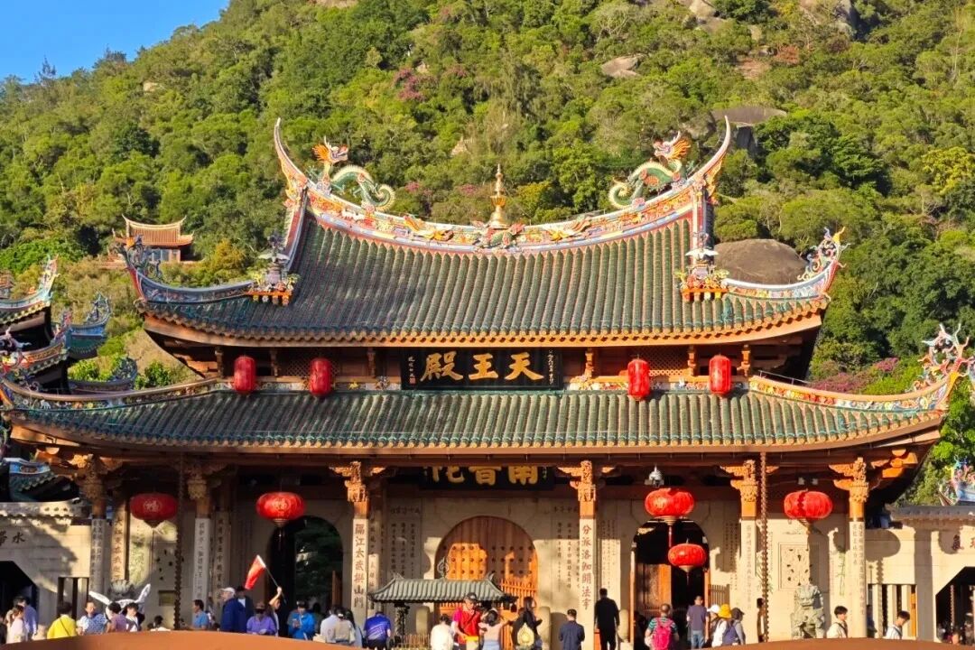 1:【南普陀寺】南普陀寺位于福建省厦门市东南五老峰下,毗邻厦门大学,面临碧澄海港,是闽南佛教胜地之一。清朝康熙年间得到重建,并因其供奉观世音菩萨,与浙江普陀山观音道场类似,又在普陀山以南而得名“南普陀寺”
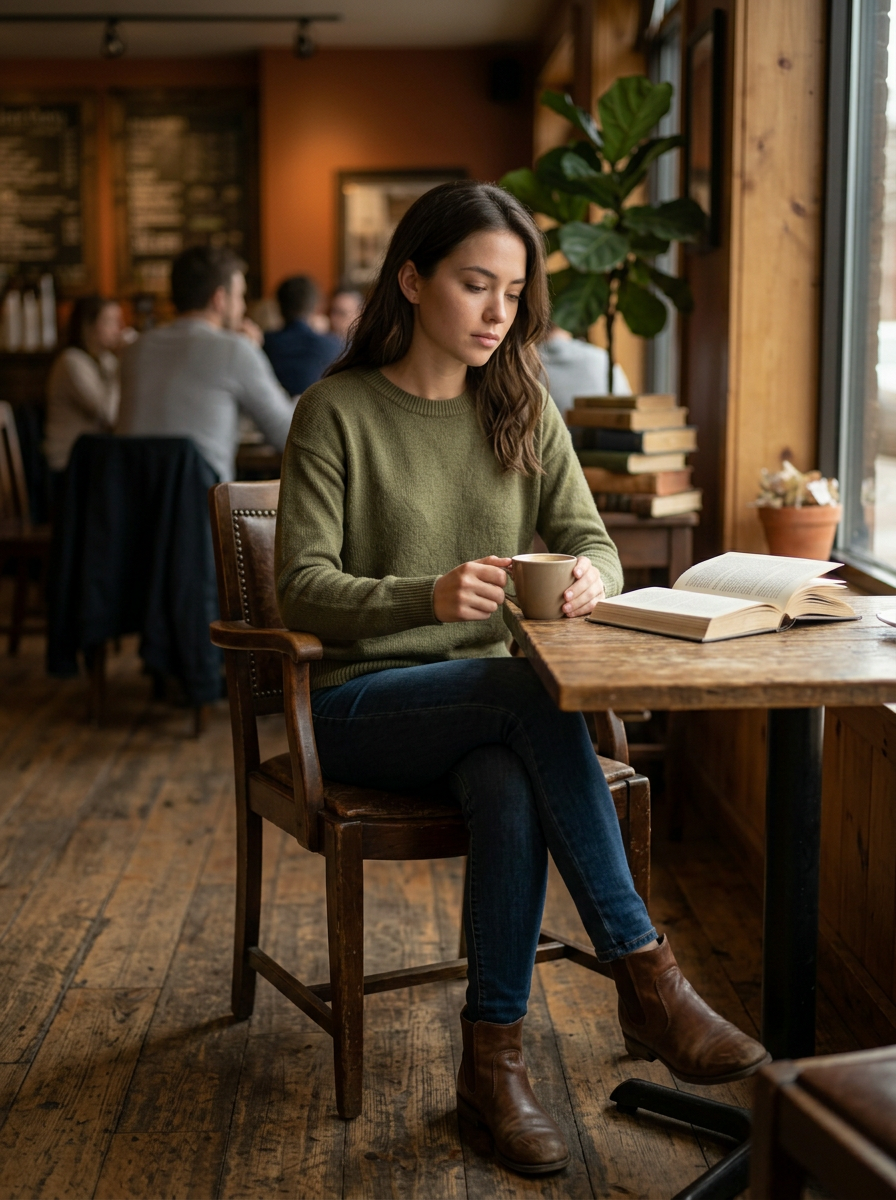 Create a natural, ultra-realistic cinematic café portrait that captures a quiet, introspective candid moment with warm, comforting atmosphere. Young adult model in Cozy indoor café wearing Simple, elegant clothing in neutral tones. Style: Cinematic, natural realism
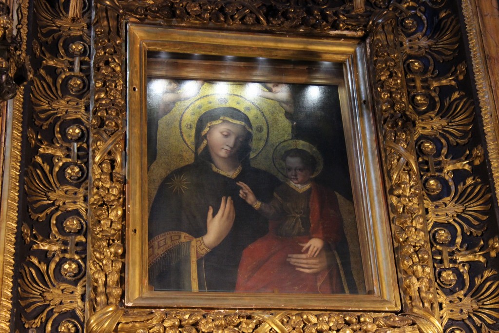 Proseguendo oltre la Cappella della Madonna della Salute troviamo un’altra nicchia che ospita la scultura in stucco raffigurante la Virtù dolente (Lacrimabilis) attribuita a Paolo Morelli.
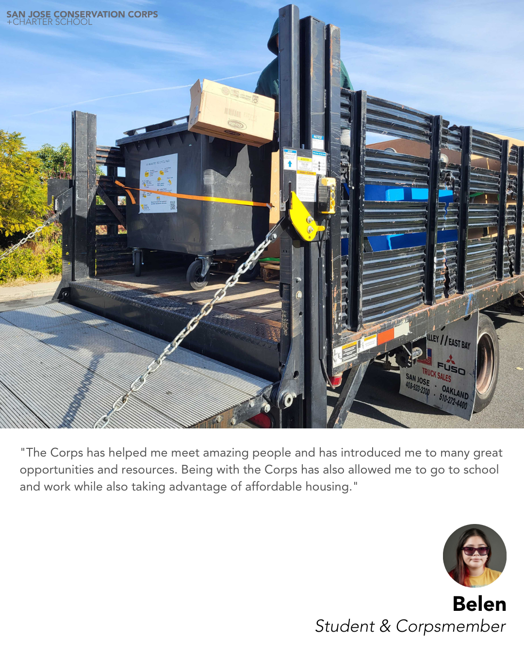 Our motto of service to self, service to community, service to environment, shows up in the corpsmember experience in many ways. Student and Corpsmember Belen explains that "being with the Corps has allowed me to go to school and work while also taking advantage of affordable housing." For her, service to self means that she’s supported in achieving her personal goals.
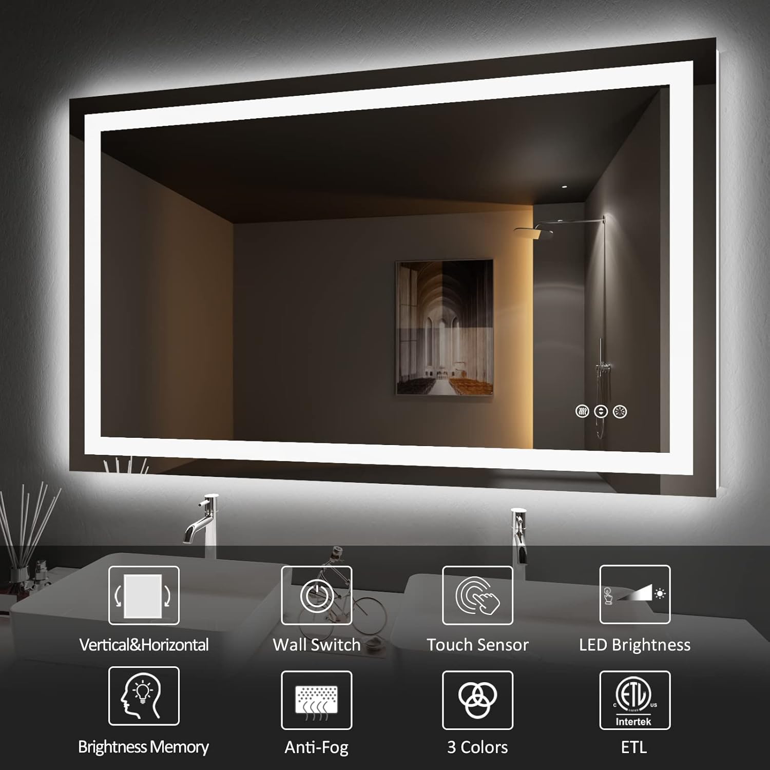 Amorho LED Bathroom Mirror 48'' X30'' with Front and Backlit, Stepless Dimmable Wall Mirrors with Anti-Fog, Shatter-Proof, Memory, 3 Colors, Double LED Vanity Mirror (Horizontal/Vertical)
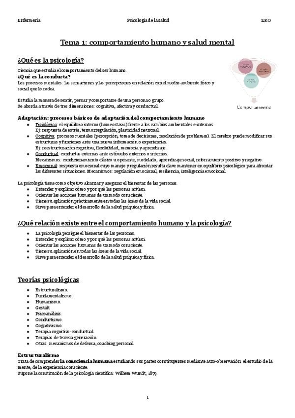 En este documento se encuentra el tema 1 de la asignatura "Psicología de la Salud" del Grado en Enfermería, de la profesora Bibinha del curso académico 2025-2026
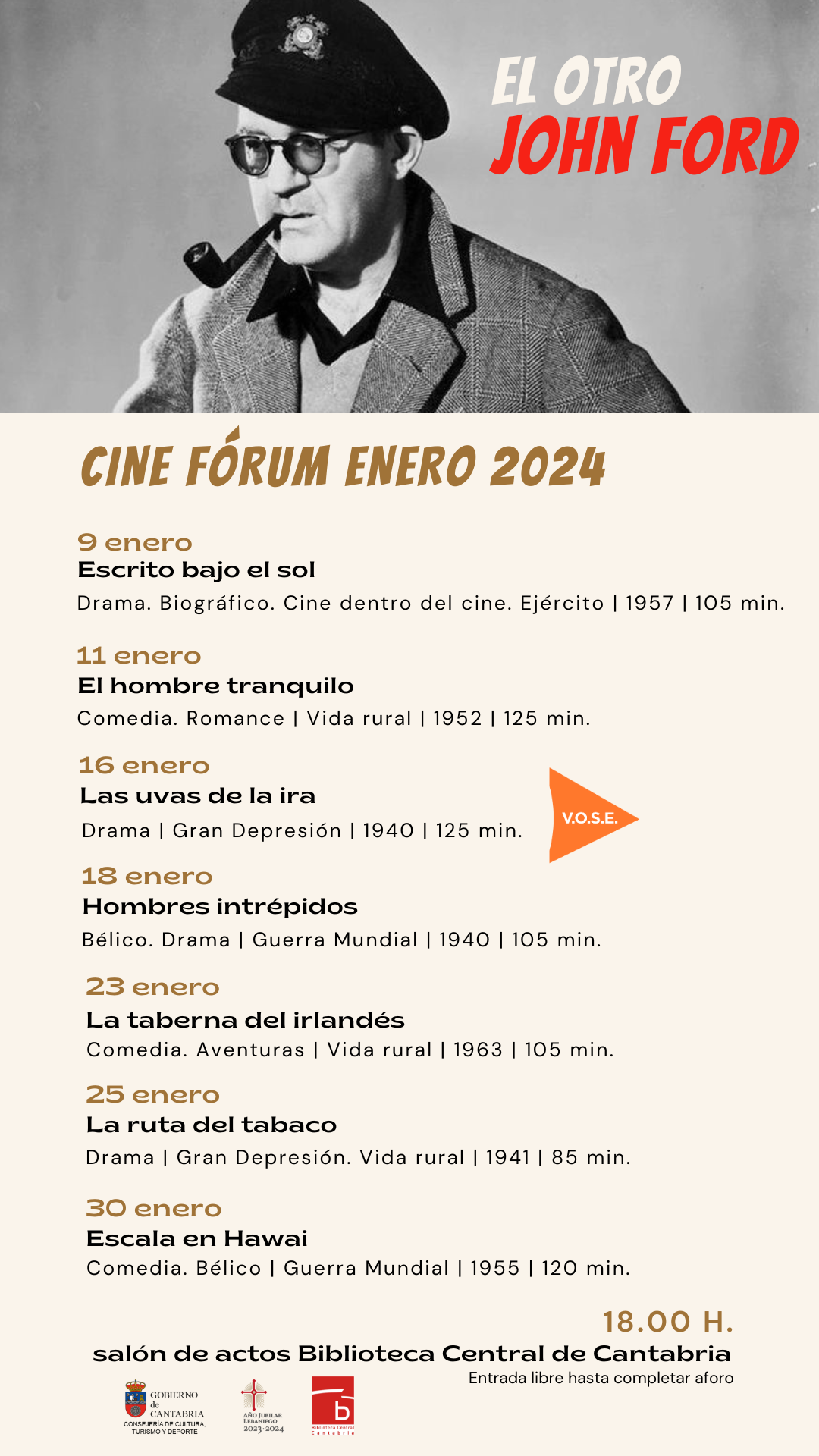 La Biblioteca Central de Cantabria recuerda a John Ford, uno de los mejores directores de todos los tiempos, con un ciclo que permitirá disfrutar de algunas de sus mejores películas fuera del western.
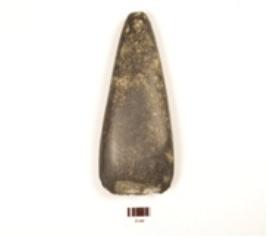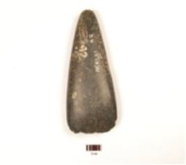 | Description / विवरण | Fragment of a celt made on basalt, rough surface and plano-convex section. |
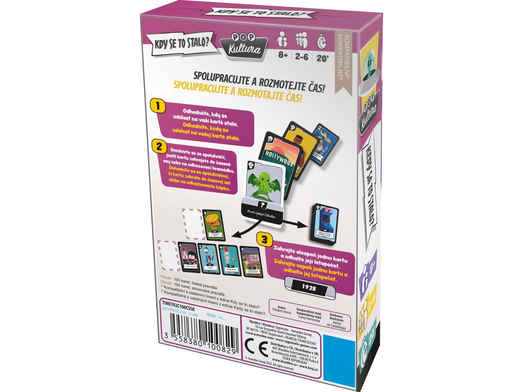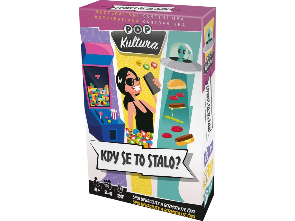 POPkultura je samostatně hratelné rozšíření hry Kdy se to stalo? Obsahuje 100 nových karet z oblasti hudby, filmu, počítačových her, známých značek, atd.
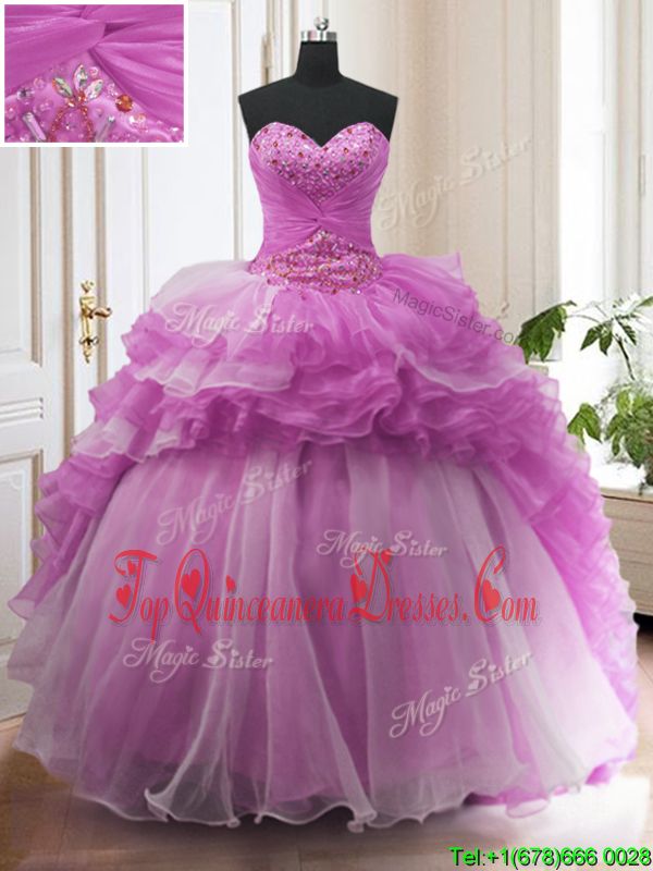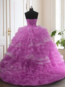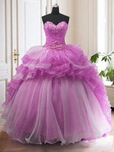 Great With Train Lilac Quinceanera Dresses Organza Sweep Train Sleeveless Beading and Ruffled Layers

***

* **About this task**
In the listing above, find the line with "La Biblioteca Central" and the line with "plano-convex section. |". Transcribe those two and everything between, exactly, leaving out pictures.

* **Reply to the exercise**
 La Biblioteca Central de Cantabria recuerda a John Ford, uno de los mejores directores de todos los tiempos, con un ciclo que permitirá disfrutar de algunas de sus mejores películas fuera del western.
 | Description / विवरण | Fragment of a celt made on basalt, rough surface and plano-convex section. |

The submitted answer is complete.